I was also surprised, given the tenor of press articles on the Grand Challenges, most of which focused on Ray Kurzweil and his views on the future of radical life extension and other transhumanist technologies. Given a committee, it seems, you can water down any set of ambitions to thin gruel indeed.

American inventor and futurologist Ray Kurzweil said mankind is on the brink of radical advances in computer science and medicine that will see tiny robots or "nanobots" embedded in people's bodies, fending off disease and boosting our intelligence. Breakthroughs in technologies such as RNA interference, involving inhibiting the functioning of genes, and gene therapy will allow us to flick genetic switches on and off and add new ones - putting an end to many illnesses and expanding lifespans, he added.

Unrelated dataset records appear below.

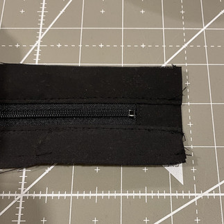 Avant de coudre les fermetures éclair sur leurs pièces respectives, je me suis assurée de couper l'excédent des pièces F égales des deux côtés, afin que ce soit la même mesure que la pièce avec laquelle elle sera cousu.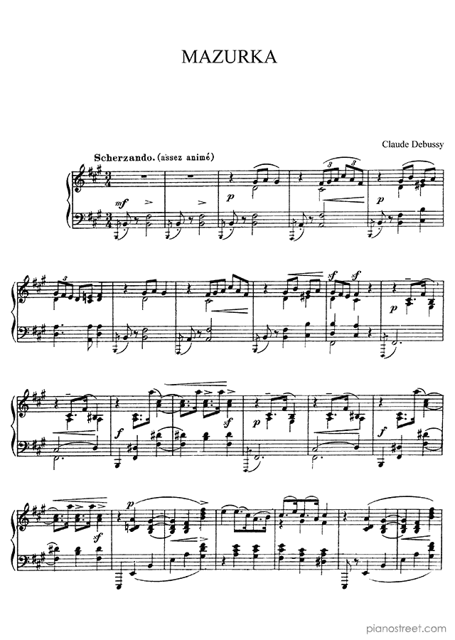 Claude Debussy: Mazurka in F-sharp Minor - piano sheet music to print instantly. This piece is level 8+ and was composed during the Impressionism period.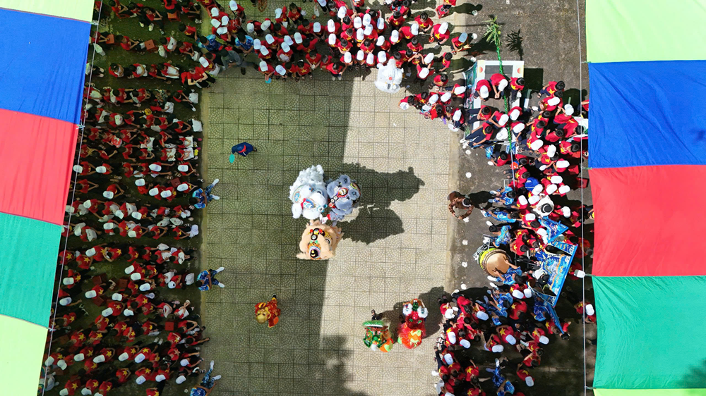 - Tại chương trình, các Em học sinh được thưởng thức các tiết mục múa lân, văn nghệ và các hoạt động trải nghiệm như: trang trí mâm ngũ quả, làm đầu lân, lồng đèn.
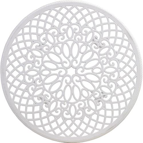 雨ざらしに強いこちらのアルミガーデンテーブルは、錆びにくくて軽量なアルミニウムを素材として作られている屋外用のおしゃれなガーデンファニチャーです。美しさを際立たせるデザインの模様が施された天板が装備されています。

Precious little of that in the Grand Challenges themselves. Chordash offers some opinions collected from his network; it boils down to the conservatism of the any old guard, scientific community or otherwise. But there is no debate on the feasibility of healthy life extension in the gerontological community these days; the arguments are all over how the goal will be accomplished, how much can be done, and how long it will take. When you put together a Grand Challenge for Engineering on medicine and manage to completely leave out extending the healthy human life span, you make yourself irrelevant to what is actually taking place in the laboratories and research communities today.